Eugenia was now settled at Belfont; but still Camilla received no intelligence of the promised boon, and spent her lingering hours in her chamber, no longer even invited thence, except at meals, by Mrs. Berlinton; whose extreme and encreasing dissipation, from first allowing no time, took off, next, all desire for social life. Surprised and hurt, Camilla was called off a little from herself, through concern. She sincerely loved Mrs. Berlinton, whom it was difficult to see and know with indifference, and she softly represented to her how ill she felt at ease in the falling off she experienced in her partiality.
Mrs. Berlinton tenderly embraced her, protesting she was dear to her as ever; and feeling, while she spoke, her first affection return; but not a moment had she to bestow from her new mode of life: some party was always formed which she had not force of mind to break; an internal restlessness, from the want of some right pursuit, joined to a disappointment she could not own, made that party induce another; and though none gave her real pleasure, which her strong, however undisciplined and unguided feelings, shut out from such a species of vague life, all gave employment to expectation, and were preferable to a regret at once consuming and mortifying.

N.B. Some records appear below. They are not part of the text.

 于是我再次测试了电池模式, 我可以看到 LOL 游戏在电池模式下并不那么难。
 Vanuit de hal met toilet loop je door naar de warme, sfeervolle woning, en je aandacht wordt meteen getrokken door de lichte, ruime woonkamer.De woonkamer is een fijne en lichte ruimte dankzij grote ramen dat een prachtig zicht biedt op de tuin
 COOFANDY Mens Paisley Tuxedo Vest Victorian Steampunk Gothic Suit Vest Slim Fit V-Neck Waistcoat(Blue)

Her gentleness, however, and her returned personal kindness, encouraged Camilla to repeat her admonitions, and engage assistance from Melmond, who, at any other period, would, uncalled, have given his whole attention to a sister dear at once to his honour and his heart; but Indiana more than occupied, she engrossed him. She now expected an adoration so unremitting, that if she surprised his eyes turned any other way even a moment, she reproached him with abated love, and it was the business of a day to obtain a reconciliation.
Gratefully, however, at the instigation of Camilla, he resumed the vigilance with which, upon her first entering London the preceding year, he had attended to all the actions of his sister. But the difference already produced by the effect of flattery, the hardening of example, and the sway of uncontrolled early power, astonished and alarmed him. At her first setting out, she had hearkened to all counsel, frightened by every representation of danger, and humbled by every remonstrance against impropriety. But she now heard him with little or no emotion; and from beginning to listen unmoved, soon proceeded to reply and resist. A search, rather than a love, of pleasure had seized her young mind, which had now gained an ascendant that rendered contest less shocking, than yielding would have been painful.

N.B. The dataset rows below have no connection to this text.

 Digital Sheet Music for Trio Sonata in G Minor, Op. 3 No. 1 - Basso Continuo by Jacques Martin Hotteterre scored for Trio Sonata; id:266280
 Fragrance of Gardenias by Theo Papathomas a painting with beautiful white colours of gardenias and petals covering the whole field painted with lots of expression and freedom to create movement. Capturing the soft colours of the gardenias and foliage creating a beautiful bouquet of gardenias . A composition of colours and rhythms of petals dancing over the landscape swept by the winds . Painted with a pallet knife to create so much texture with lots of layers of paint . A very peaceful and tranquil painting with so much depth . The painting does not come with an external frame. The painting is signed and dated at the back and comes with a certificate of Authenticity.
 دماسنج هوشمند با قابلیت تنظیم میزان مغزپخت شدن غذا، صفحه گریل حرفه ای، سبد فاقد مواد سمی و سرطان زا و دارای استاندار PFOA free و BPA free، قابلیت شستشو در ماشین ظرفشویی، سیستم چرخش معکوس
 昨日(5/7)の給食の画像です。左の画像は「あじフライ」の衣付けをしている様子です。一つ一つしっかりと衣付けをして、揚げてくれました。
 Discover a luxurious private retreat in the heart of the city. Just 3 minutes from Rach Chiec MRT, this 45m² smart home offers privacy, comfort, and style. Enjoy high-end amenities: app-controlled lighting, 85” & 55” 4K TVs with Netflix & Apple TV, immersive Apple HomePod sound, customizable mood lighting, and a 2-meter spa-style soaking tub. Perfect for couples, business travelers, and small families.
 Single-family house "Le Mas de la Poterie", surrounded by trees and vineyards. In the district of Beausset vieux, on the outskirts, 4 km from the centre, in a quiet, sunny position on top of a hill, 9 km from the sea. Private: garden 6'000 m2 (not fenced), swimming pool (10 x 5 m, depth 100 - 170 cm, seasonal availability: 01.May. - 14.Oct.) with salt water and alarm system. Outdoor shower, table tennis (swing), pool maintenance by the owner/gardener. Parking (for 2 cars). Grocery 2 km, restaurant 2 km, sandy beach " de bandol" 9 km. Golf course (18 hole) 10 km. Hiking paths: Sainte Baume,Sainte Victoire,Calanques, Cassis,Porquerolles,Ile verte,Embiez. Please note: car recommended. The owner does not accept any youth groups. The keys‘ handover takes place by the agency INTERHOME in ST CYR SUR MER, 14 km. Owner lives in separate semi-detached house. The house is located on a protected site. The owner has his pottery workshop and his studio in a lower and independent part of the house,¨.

The tribulation of Melmond at this ill success, rested not solely upon his sister; he saw yet more danger for Indiana, who now seemed scarce to live but while arraying, or displaying herself. His passion had lost its novelty, and her eyes lost their beaming pleasure in listening to it; and the regard he had fondly expected to take place of first ecstacy, he now found unattainable, from want of all materials for its structure. His discourse, when not of her beauty, but strained her faculties; his reading, when compelled to hear it, but wearied her intellects. She had no genius to catch his meaning, and no attention to supply its place.

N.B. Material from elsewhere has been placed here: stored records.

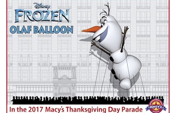 Olaf Balloon to Appear in Macy’s Thanksgiving Day Parade Oct 24, 2017 7:26 am (Pacific) Laughing Place Disney Newsdesk
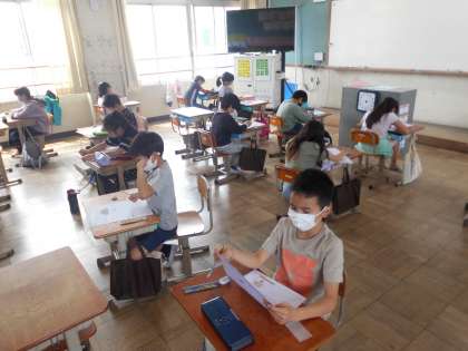 4年生になり初めての算数のテストに取り組みました。集中してテストに取り組むことができました。結果が楽しみです。
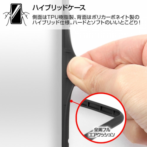 四つ角だけでなく、側面全周が耐衝撃構造。全周フルエアクッション。鉛筆硬度2Hで傷に強いポリカーボネイト素材。デザインを損ねない側面のストラップホール。衝撃をやわらげるTPU素材。
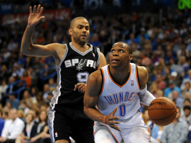 Anyway, Tim Duncan has no counterpart on the Thunder and Manu Ginobili has no mirror image in OKC. So Parker and Westbrook it is.
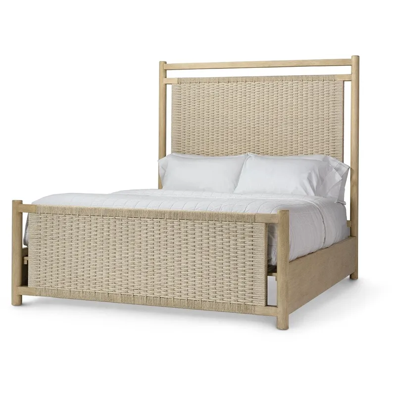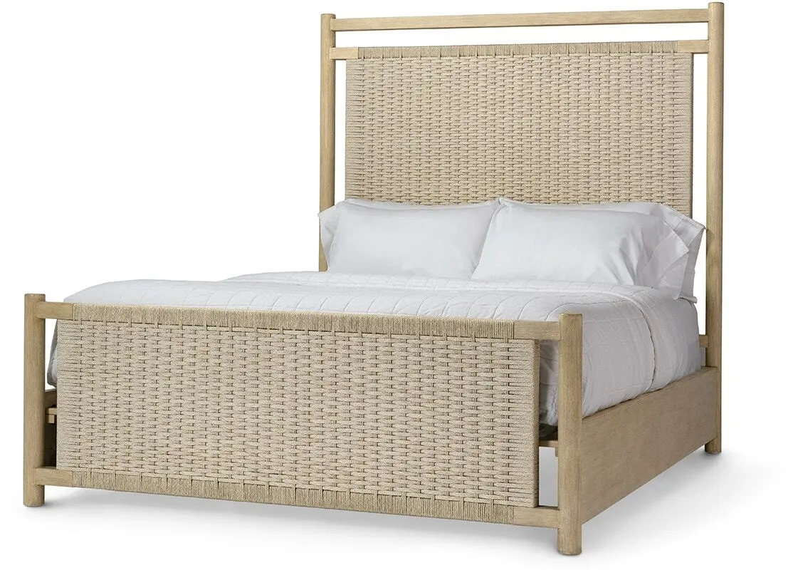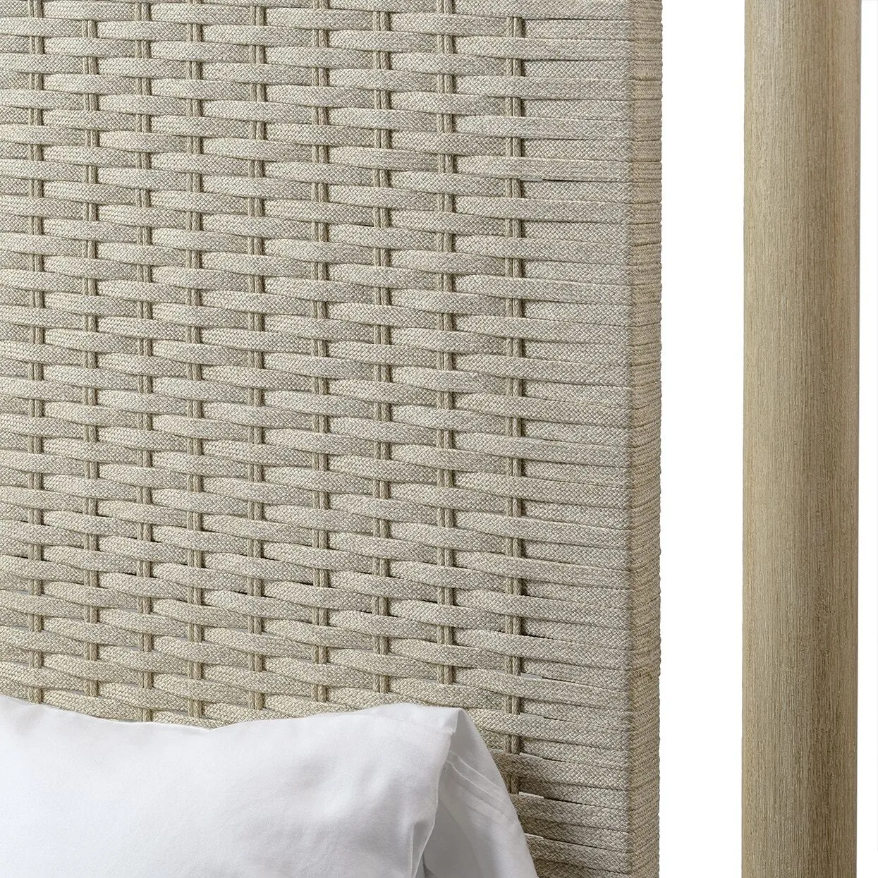 Hand-distressed hardwood frame in a natural wood tone finish accented with an off-white wash featuring hand-woven synthetic rope headboard and footboard in taupe. Side rails have adjustable heights of 2", 4" and 6" allowing a customized overall mattress height and can accommodate both a low-profile standard box spring and mattress. Box spring and mattress are not included. Coordinates with the St. Helena collection.
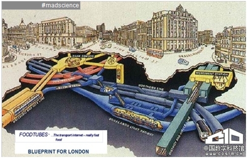 20世纪50年代的科幻小说中有这样的设想:存在着这样一个遍布全球的食物运输通道,在伦敦和利物浦之间以60公里的时速传送烤豆和熏鲑鱼。显然,这比我们目前的做法要合理得多。
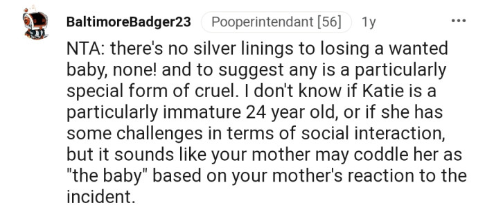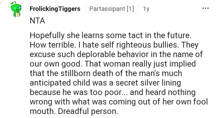 This is why when one Redditor’s sister commented on their brother’s stillborn, they sent her out of their house.
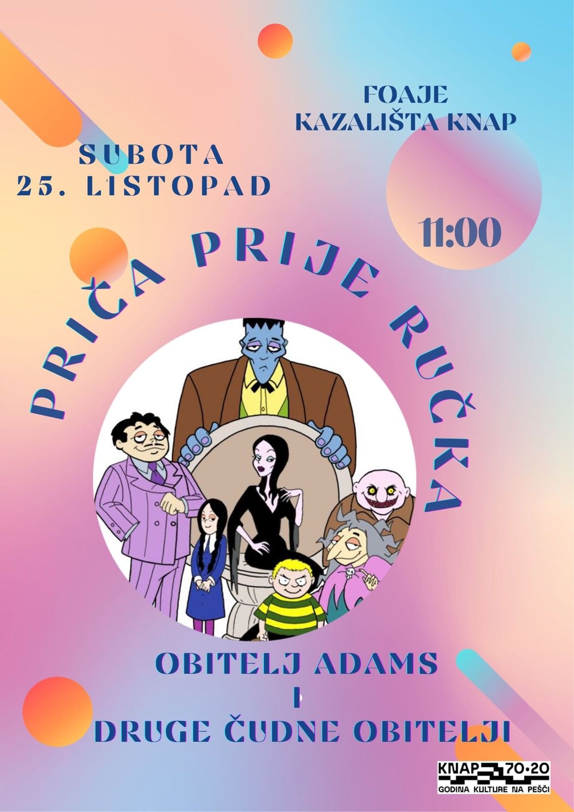 U subotu, 25. studenoga u 11 sati, u Centru KNAP, održat će se zadnja „Priča prije ručka“ u mjesecu listopadu. Ovoga puta ulazimo u svijet čudnih, neobičnih i pomalo mračnih obitelji koje su najprije živjele u stripovima, a zatim oživjele u animiranim verzijama i postale dio nezaboravnih filmskih priča.

Deeply he now thought of Eugenia, with that regret ever attached to frail humanity, for what is removed from possible possession. The purity of her love, the cultivation of her mind, and the nobleness of her sentiments, now bore forth a contrast to the general mental and intellectual littleness of Indiana, which made him blame the fastidious eyes that could dwell upon her face and form; and feel that, even with the matchless Indiana, he must sigh at their mutual perversity of fate.